REALLY, REALLY, REALLY TRY TO GET ENOUGH SLEEP
Don’t look at your phone in bed. Give yourself a solid 30-45 minutes extra time to lie in bed winding down before your sleep time. You’ll remove the math anxiety of your scheduled alarm the next morning. (“If I fall asleep now, I’ll get exactly 7 hours and 32 minutes before my alarm goes off.
Don’t hit snooze. In fact, you know when you wake up 10 or 12 or 14 minutes and 37 seconds before your alarm is scheduled to go off? Get up. Seriously, if you let yourself fall back into sleep, your alarm is likely to go off just as you drift into the deepest part of a new sleep cycle. When you find yourself in this predicament, dig deep down inside and find the fortitude to just get up and start your day, even if it’s 9 minutes and 26 seconds earlier than intended.
IF IT’S POSSIBLE (AND IT VERY WELL MIGHT NOT BE) SNEAK A POWER NAP INTO YOUR DAY
You know that book, EVERYTHING I NEED TO KNOW I LEARNED IN KINDERGARTEN? It’s a nice sentiment, and I don’t know how accurate it is, but when it comes to nap time, we as adults are missing out.

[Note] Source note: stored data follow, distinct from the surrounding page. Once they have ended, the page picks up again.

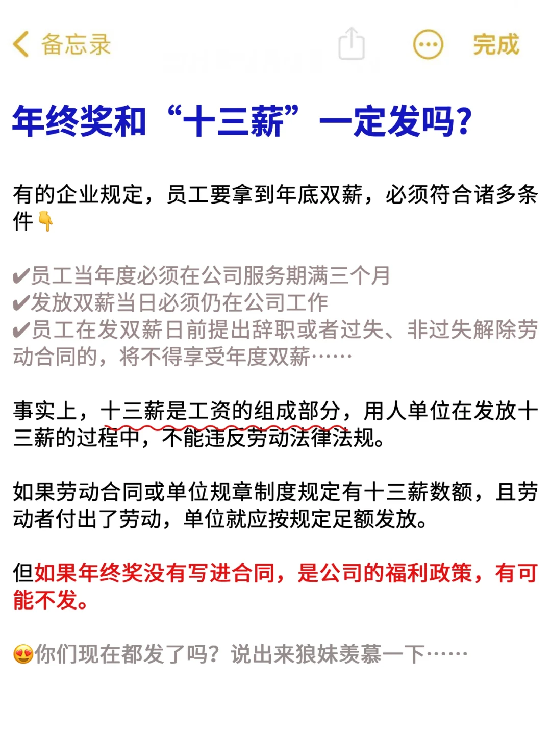 [色色R]要看你的合同满不满足13薪条件,如果符合合同,也可以拿的。年终奖就要看各个公司自己的政策👀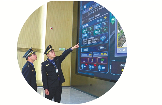 柯桥区行政执法指挥中心工作人员对执法信息开展分析研判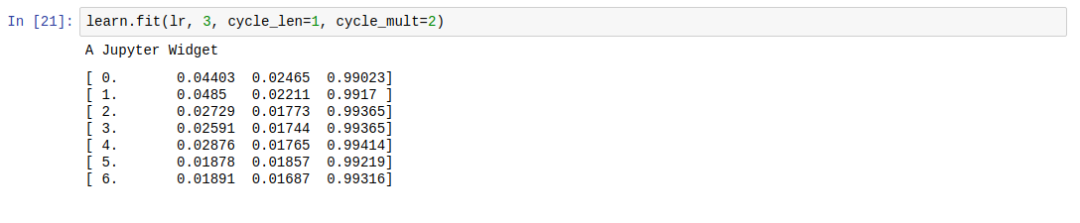 这里的“周期”是指提高学习率的次数。在 fastai 中,可以使用 cycle_len 和 cycle_mult 参数来设置 learner.fit。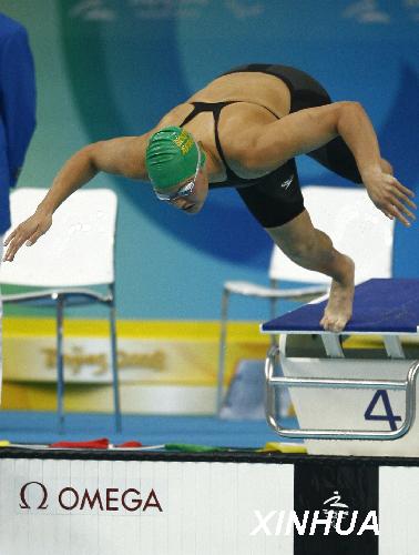 南非著名“獨腿美人魚”納塔莉•杜托伊特同樣在“水立方”成就了自己的金牌夢想。這位“雙奧戰士”在女子100米蝶泳-S9級、女子100米自由泳-S9級、女子200米個人混合泳-SM9級、女子400米自由泳-S9級和女子50米自由泳-S9級中摘得五金,并列北京殘奧會奪金王。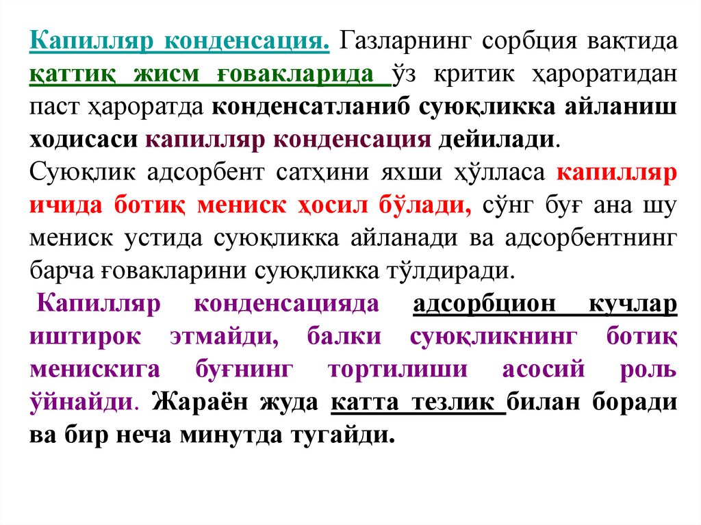 ва капилляр конденсация тушунчалари.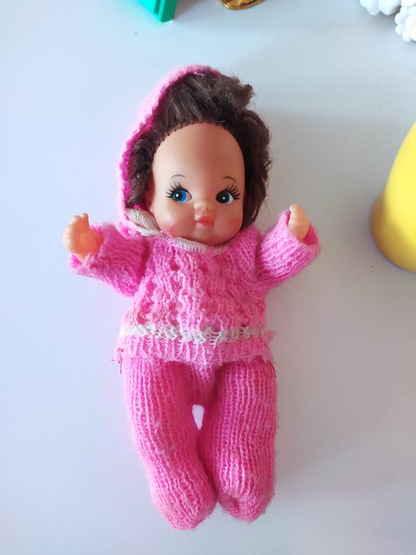 Винтажный пупсик Тайвань ( клеймо на спине) в родной одежде. Рост 18 см с волосами . Старенький, но в очень хорошем состоянии. Ручки- ножки подвижные.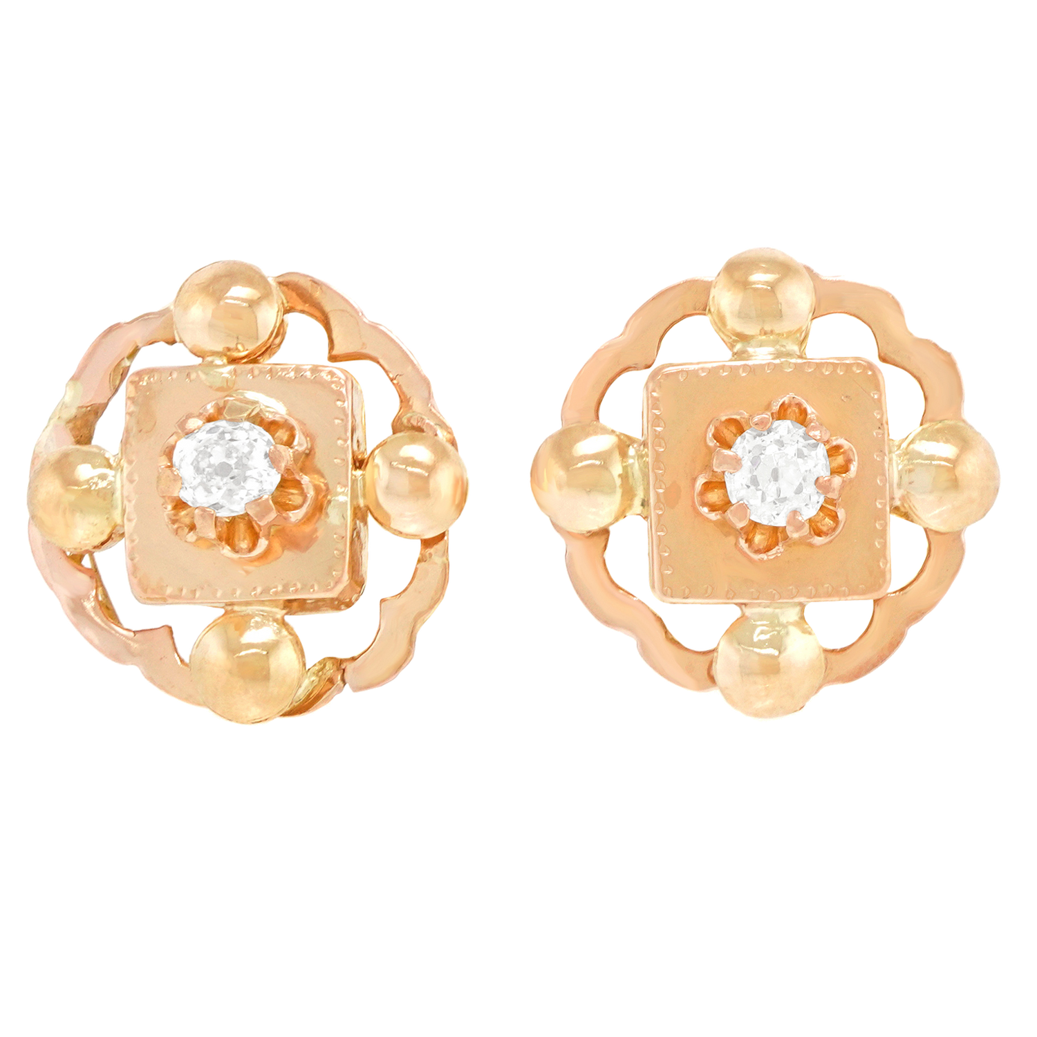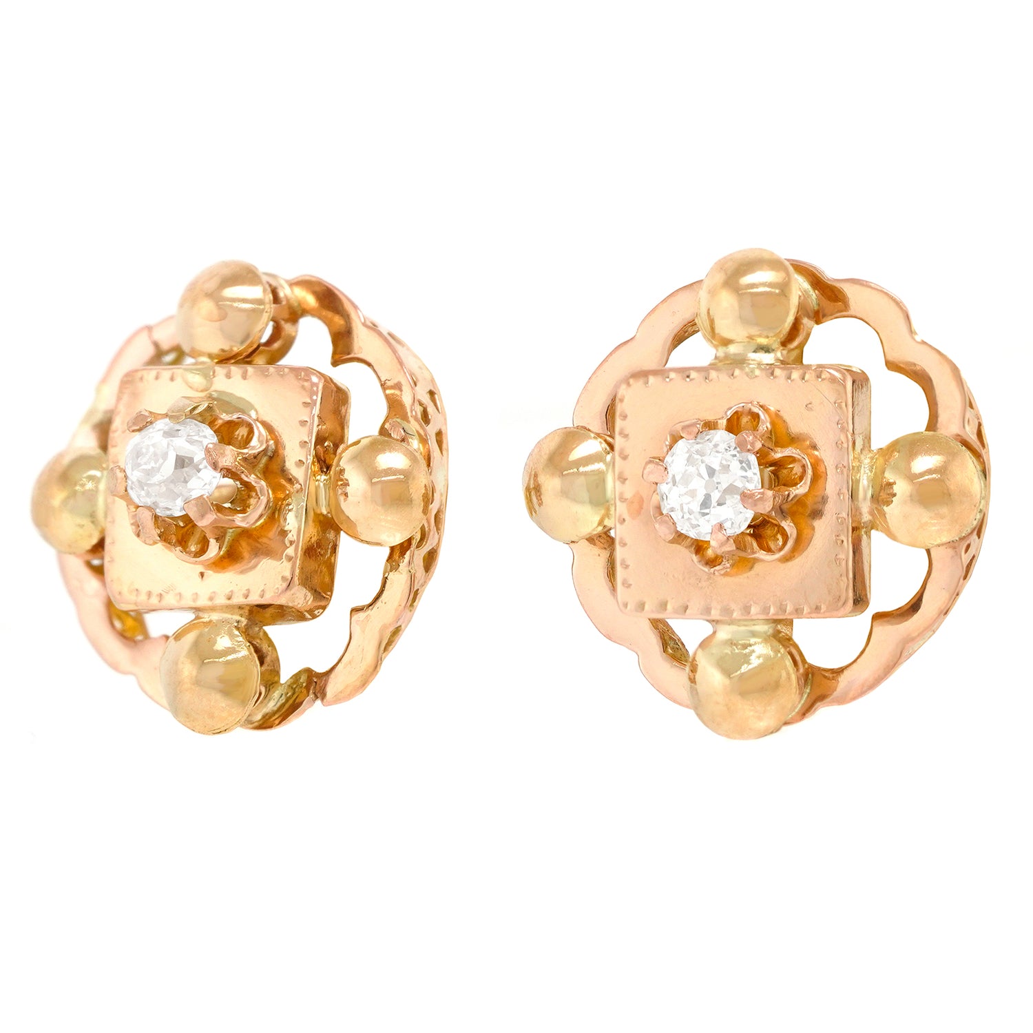 Circa 18k, 1870-80s, 18k. These Victorian earrings are a fashion delight. Finely made, they are in excellent condition. Noted: Converted to posts.

A power nap, 10-20 minutes of eyes closed, uninterrupted chill time is the antidote for a less-than-stellar, night’s sleep.
I have had so many people tell me, “I can’t nap. It just makes it worse.” It’s not a nap-nap, as in a mini-night’s sleep. It’s a power nap.

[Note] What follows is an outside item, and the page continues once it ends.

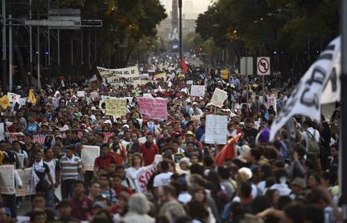 Hàng ngàn người biểu tình ở thủ đô Mexico City của Mexico ngày 5.11, phản đối vụ 43 sinh viên mất tích - Ảnh: AFP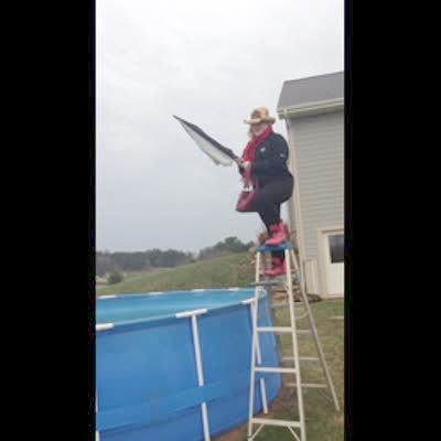 A woman stands on top of a ladder and prepares to jump into an above ground pool fully clothed as part of a cold water challenge, but when she goes to jump, the ladder falls over and she falls into the side of the pool, denting it.

The key to a successful power nap? You have to cap it at 20 minutes. You might feel at that point, “man, I’m just getting warmed up, I could do this all day.” Well, you could do it all day, and that’s why at 20 minutes, you need to get the f- up and get on with your day.
Another key to becoming a skilled power napper (and it is a skill that can be learned), is to remove the obligation to fall asleep. If you close your eyes and simply stop moving, pause your day, even if you don’t lose consciousness, you will find yourself re-charged at the end of your 20-minute session.
BEFORE YOU GO TO THE HARD STUFF…
Before you hit up the GNC for TURBO-ULTRA MEGA BEAST JUICE loaded with BCAAs, Arginine, Guarana and 500 mg of Caffeine per serving (or something like that), try a tea, a coffee, an espresso, hell, get crazy, a double espresso.
AND IF IT’S AN ABSOLUTE EMERGENCY, AND YOU MUST PULL OUT THE BIG GUNS…
If you have a photo shoot or a wedding or a race or, you are working insane hours at your job, and you are missing too many workouts and just need to get this one in in order to get back on track, and you absolutely must use a pre-workout…
I get it. I shouldn’t condone it as a fitness professional, but, I am not only a fitness professional, I am also a person, and as a human, I get that sometimes you just might need a little something extra to give a little something extra.
If that is the case, here are the rules you should abide by:
1) Don’t make it a habit. The more often you use pre-workouts, the more likely you will become to need to use them before every workout. Your body will build up a tolerance. Limit your pre-workout use.
2) You don’t need 500 mg of caffeine in a serving at one time. Ever. Under any circumstances. Try to cap the caffeine per serving at 150/ 200 mg tops.
3) Don’t exceed a single serving. Check the bottle. Is it a one-serving bottle or 2- 2/12 servings per bottle? Knowledge is power. Your nervous system thanks you in advance for being informed.
4) Watch the sugar. Red Bull says it gives you wings but the regular (as in not “sugar free”) version might also give you Type-2 Diabetes. You don’t want to drink your calories and you don’t want to rot your teeth out.
And that’s all I have to say on that, right now.